Some notable metrics usually done to track an AI solution, below are some of those divided by their categories:

  • Performance Metrics focus on system efficiency: monitoring response times (95th percentile latency), tracking token usage per request to control costs, measuring coordination overhead between multiple agents, and analyzing cache effectiveness to optimize repeated queries.
  • Quality Metrics ensure accuracy and user satisfaction: measuring how well the system understands user intent, validating that generated JSON outputs are properly formatted, collecting user feedback scores, and categorizing different types of errors to identify improvement areas.
  • Business Metrics demonstrate value and adoption: tracking feature usage rates to understand user engagement, analyzing query complexity trends to guide system improvements, measuring user retention specifically for NLP features, and calculating cost-per-interaction to ensure economic viability.
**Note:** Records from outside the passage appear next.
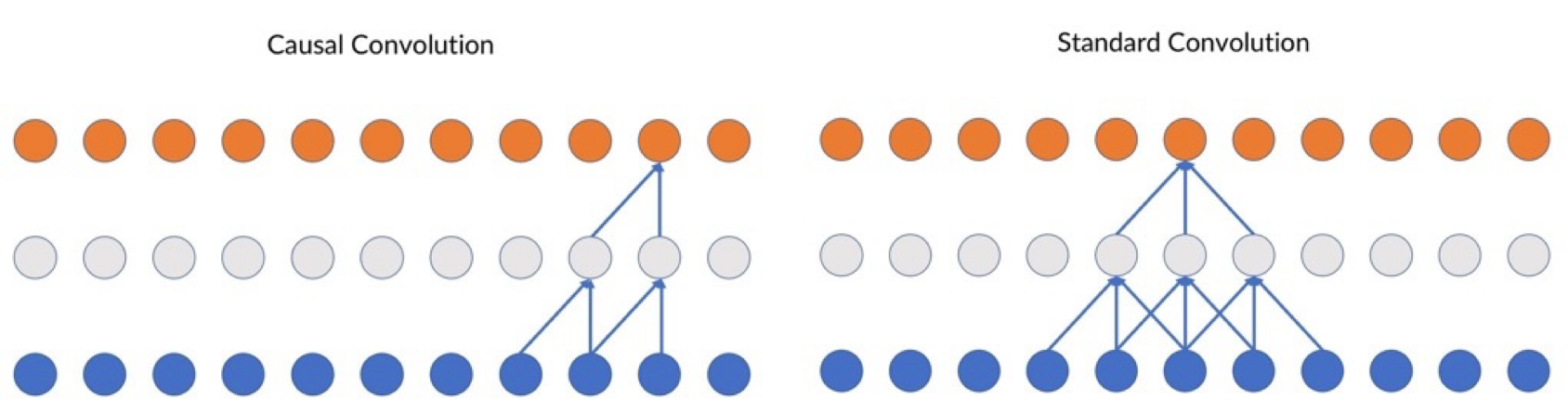 - Dilated Causal Convolution은 Wavenet에서 큰 receptive field를 가지는 autoregressive model을 만들 수 있게 해주는 기술이다.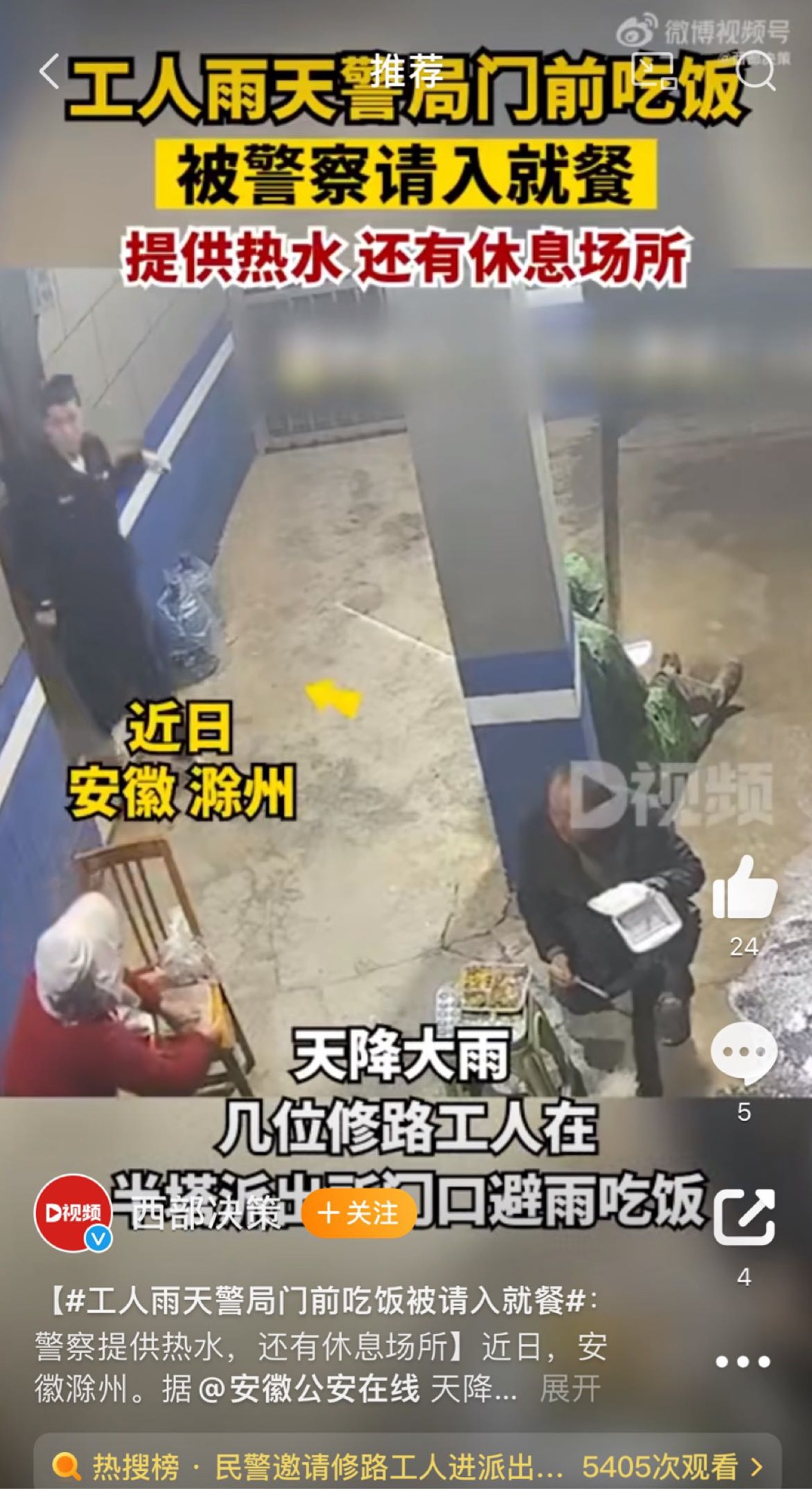 近日,安徽滁州,天降大雨,几位修路工人在半塔派出所门口避雨吃饭。民警看到这一幕,热情邀请工人们进警局,到宽敞的警民调解室就餐,还给他们提供了热水。就餐完毕,工人们细心地收拾干净桌面,随后离开。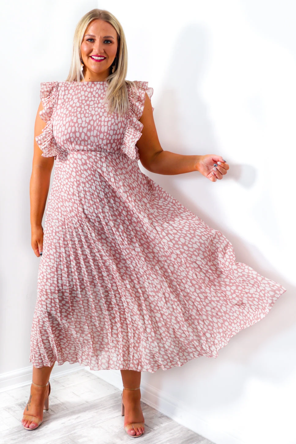 We’re totally blushing over you in this dress. In a maxi length it comes in a pink spotted print fabric, pleats, frill detailed bodice and a pleated skirt. It can be reversed depending on your plans or mood! Blush is nothing without gold accessories, add a pink lip for that wedding you’ve got coming up.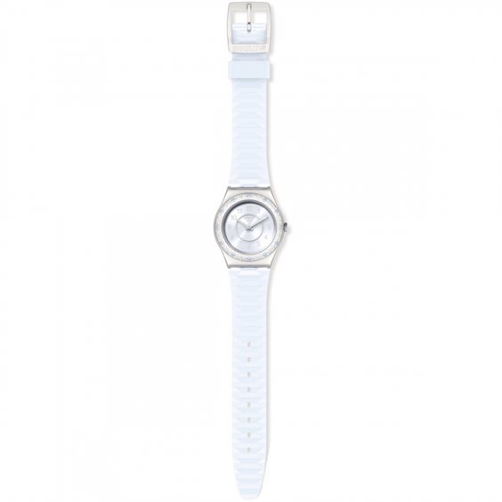 Questo orologio Swatch ha una cassa in acciaio inox con un diametro di 33 mm ed è dotato di un cinturino in Gomma. All'interno ha un movimento per orologi di qualità ed è finito con un vetro di tipo plexiglass. L'orologio è impermeabile a 3ATM. Ciò significa che l'orologio è impermeabile ai spruzzi.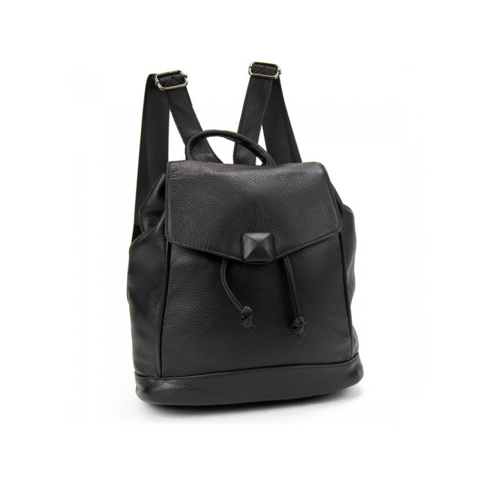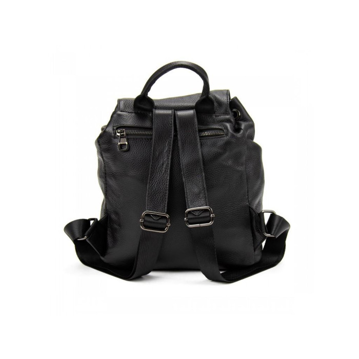 Рюкзак Olivia Leather A25F-FL-89195-1A пошитий із телячої шкіри, зернистої фактури, в чорному кольорі.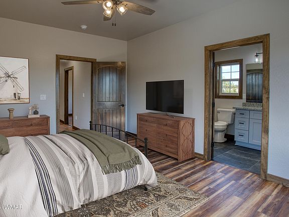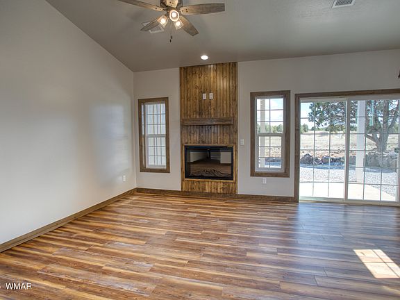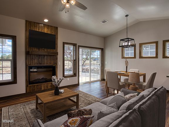 Discover the perfect blend of rustic charm and modern comfort in this stunning new-build mountain cabin in Show Low Bluff. The inviting board-and-batten front design, complemented by a landscaped front yard and paver driveway, exudes a welcoming country feel. Step into the open great room, where flowing wood-look LVP flooring, a vaulted ceiling, and an electric fireplace with a striking rock surround create a warm and inviting atmosphere. The beautifully designed kitchen offers peninsula seating, granite countertops, stainless steel appliances, a gas range, and stylish pendant lighting, making it an ideal space for gathering and entertaining. READ MORE The spacious primary suite is a true retreat, featuring a granite vanity, ample storage, a luxurious walk-in stone shower, and a large walk-in closet with a built-in storage system. A well-appointed guest bedroom and updated guest bath provide comfort for visitors, while a covered patio extends the living space outdoors, perfect for soaking in the mountain air. Experience the tranquility and charm of Show Low Bluff, this exceptional cabin is waiting to be yours!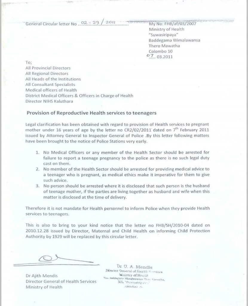 මේ ලිපිය නිකුත් කිරීමේ සිද්ධියට අදාලව ඉතිහාස කතාන්තරයක් තිබේ. අනුරාධපුර දිස්ත්රික්කයේ වෛද්යවරයකු ළමා මවක් සම්බන්ධයෙන් තොරතුරු සැඟවීයැයි පොලිසිය සහ අධිකරණය නීතිය ක්රියාත්මක කළ අවස්ථාවකදී රජයේ වෛද්ය නිලධාරීන්ගේ සංගමයේ ද සහභාගීත්වයෙන් පැවැත්වූ සාකච්ඡාවකින් පසුව නීතිපතිවරයා පොලිසියට උපදෙස් දී ඇත්තේ වෛද්යවරයකු ළමා අපයෝජනයක් සම්බන්ධයෙන් වාර්තා නොකර සිටියායැයි ඔවුන්ට එරෙහිව නීතිය ක්රියාත්මක කිරීමෙන් වළකින ලෙසයි. එම උපදෙස් ලිපියෙන් වෛද්යවරු එවැනි අපයෝජන ගැන දැනුම් දීම අනවශ්ය යැයි කිසිම අයුරකින් කියා නැත.

Quick Proof of Concept Demo

I've recorded an early version of this proof of concept that shows how the LLMs could interact with the MapLibre mapping framework.

0:00
/0:35

Proof of concept in action

What's Next for Future Improvements?

This proof of concept only scratches the surface of what potential that we could implement for interaction with geographical data inside a mapping solution. More improvements could be done in the future, such as:

  1. Multimodal Integration: Combine natural language with gesture recognition, or maybe combine it with a speech-to-text model so the user could just "speak" to our map solution.
  2. Contextual Awareness: Learn from user behavior and preferences. As we don't know what our clients will do with this feature, whether they'll use it, what type of prompts they frequently use, and many other things to look for.
  3. Real-time Collaboration: Multiple users issuing commands simultaneously, because every application needs frequent assessment of further scaling requirements.
  4. Advanced Analytics: Predictive queries based on temporal patterns could improve our implementations, maybe by changing our prompting techniques or adding more specialized agents.

Conclusion

Natural language processing in map clients represents a significant evolution in geospatial user interfaces. Through iterative development—from simple prompt engineering to sophisticated multi-agent architectures with comprehensive observability—we can create systems that are both powerful, trustworthy, and hopefully frequently used.

The key to success lies in balancing innovation with practical considerations: data privacy, system reliability, user experience, and cost-effectiveness. As LLM technology continues advancing, the possibilities for intelligent map interactions will only expand.